2012 Bedrock "Kirschenmann Vineyard" Lodi Zinfandel
Robert Parker's Wine Advocate
The 2012 Zinfandel Kirschenmann comes from a vineyard owned by Larry Turley's viticulturist and winemaker, Tegan Passalacqua, that was planted in 1915. Because of the sandy soils, the vines were never grafted to root stocks. Every Zinfandel I tasted from this vineyard revealed a Pinot Noir-like, perfumed, elegant, cranberry, cherry and dusty loamy soil-filled character. Bedrock's delicious example possesses those characteristics along with abundant fragrance. Production was only 300 cases and the wine was aged in 20% new French oak. It achieved 14.6% natural alcohol. Consume it over the next 3-4 years. Morgan Twain Peterson, the son of Ravenswood's Joel Peterson, has hit the wine scene with a bang, producing vibrant, personality-filled, delicious wines from extremely old vines and, in some cases, virtually unknown grapes, such as Aubun, Teredalgo, Trousseau Noir, Le Noir, Mission, Trousseau Gris, Grand Noir and Abouriou, as well as Zinfandel, Syrah, Petite Sirah, Grenache, Carignan, Alicante Cabernet Sauvignon, Merlot and Tempranillo. Many of these sites are heritage terroirs from the ancient past which, until Peterson's arrival, were largely ignored or were co-mingled into some innocuous industrial blend. Bedrock's portfolio is filled with exciting wines.

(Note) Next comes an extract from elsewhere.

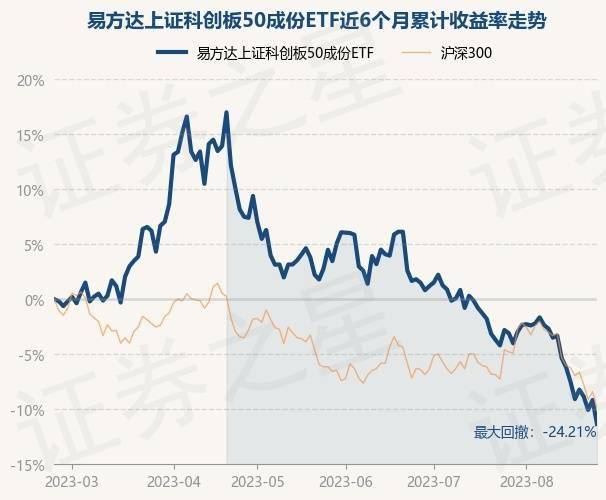 8月23日,易方达上证科创板50成份ETF最新单位净值为0.901元,累计净值为0.6313元,较前一交易日下跌2.4%。历史数据显示该基金近1个月下跌7.94%,近3个月下跌13.27%,近6个月下跌11.35%,近1年下跌21.17%。该基金近6个月的累计收益率走势如下图:

From Sonoma County's Morgan Peterson, lifelong old vine Zinfandel-based blend specialist, who's secured an exciting new vineyard source, the Kirschenmann Vineyard in Lodi. Planted to Zinfandel with small amounts of Petite Sirah, Mondeuse and a few other odds and ends this is a fantastic new find in the sea of Lodi vines. According to the winery: "Dry-farmed, own-rooted, and planted in 1915, Kirschenmann is owned and farmed by our dear friends Tegan and Olivia Passalacqua. Tegan, who is the farming and winemaking force behind the Turley wines along with his own Sandlands label, is probably the best farmer of head-trained vines in the state of California. The vineyard, which lies in a cool section of Lodi cradled by the Mokelumne River, makes wines of perfume and finesse. Though many think of Lodi as a very hot area, in reality Kirschenmann is cooler on most days than St. Helena and Calistoga. This, combined with the silica-rich soils and excellent, organic farming makes for a unique combination and equally delicious wine."